Why, with its work on contracting, is the Scottish Legal Aid Board setting out to decide how law firms should be run? The world is different from what it seems to think

So the Scottish Legal Aid Board want to tell us all how we should be running our firms? Is there a one-size-fits-all model? Well, let’s see.

Big firms? Pre-summary justice reform, the biggest fee earner was Ross Harper. Sadly we know how that ended. Now it’s SLAB’s very own PDSO that is the biggest “earner”. Most lawyers view it as the most inefficient “firm” in Scotland, despite it being given so much work.

Sole practitioners? Although lacking the facilities of the larger firms, they can minimise overheads and ensure that the cuts can be absorbed. Those doing agency work also provide invaluable back-up to larger practices left short on any given day. In my experience of agency work, all firms need help at times, regardless of size. This crucial facility will be lost under contracting.

The reality is that our world is highly unpredictable. A packed diary one day, empty the next. Jury sittings play havoc with diaries, regardless of firm size. Out-of-town cases, custodies etc can leave us all stretched at times. It doesn’t fit the pretty world of statistics and figures that SLAB would like to pigeonhole us into. Having solely large units lacks the flexibility to allow us all to make the system work. We have absorbed the cuts through our diversity as a profession.

We may find in time that firms require further cutbacks, or possibly even close. And although undesirable, shouldn’t this happen naturally rather than SLAB carrying out some sort of law firm euthanasia? If firms can satisfy peer review, and most importantly clients are satisfied with the service, is this not enough? Why would SLAB know how to run a law firm better than those who actually do it? I see no proper basis for the contracting argument, other than that SLAB are concerned we’re not all going bankrupt after the barrage of cuts in recent years. I am cynical about the real reasons for this.

I know there are some who see this as a business opportunity. What better way to increase income than to get SLAB to kill off some competition? But this opportunity will come at a cost. Contracting will mean you dance to SLAB’s tune. As history has shown, once you’ve agreed to something, the goalposts will shift to your detriment soon after.

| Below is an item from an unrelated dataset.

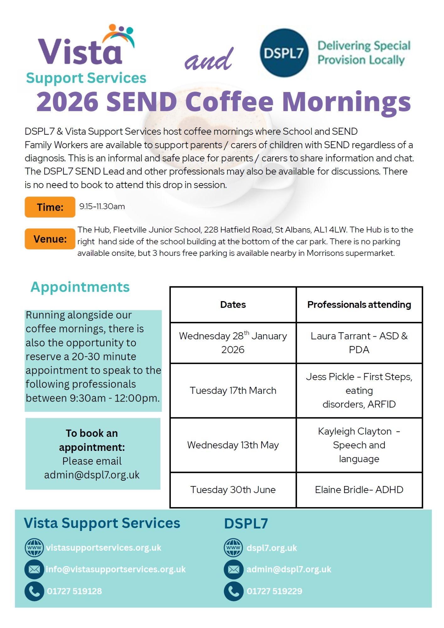 - Family support worker, VISTA and our DSPL7 SEND team are available to chat to with no booking required. Appointments still available.

The criminal bar will no longer be independent from state interference. What happens when you disagree with SLAB or the Government, but can’t challenge them for fear of losing your contract? What happens if the new model firms realise they cannot meet the requirements of their contract after yet another cut in fees?

SLAB want stack ’em high, plead ’em cheap. Experienced lawyers are an unnecessary expense and a nuisance to them. This is despite them already getting great value for the taxpayer’s money. Contracting can get rid of some lawyers and allow SLAB to control the rest. There will be a necessity to employ cheap assistants and this will lead to a skills gap.

The quality of provision will be greatly reduced. Clients who over time have built up a relationship of trust with their lawyer may be prevented from instructing them. It is a restriction on client choice. The smooth running of the courts will be affected by having fewer lawyers, particularly in the busier courts. Miscarriages of justice will become more of a risk, particularly with the removal of corroboration.

It has been said: “What is the alternative?” If there is a concern with provision, then how about funding it properly? How about ensuring that the money gets to service providers, rather than the pensions of SLAB executives? How about letting bank managers, clients and market forces dictate, rather than SLAB?

One can only hope our representative body would not advocate any process, the consequence of which is that its members lose their firms and livelihoods. If contracting will cost jobs, it should not be given any sort of approval, and indeed must be strenuously opposed by the whole profession.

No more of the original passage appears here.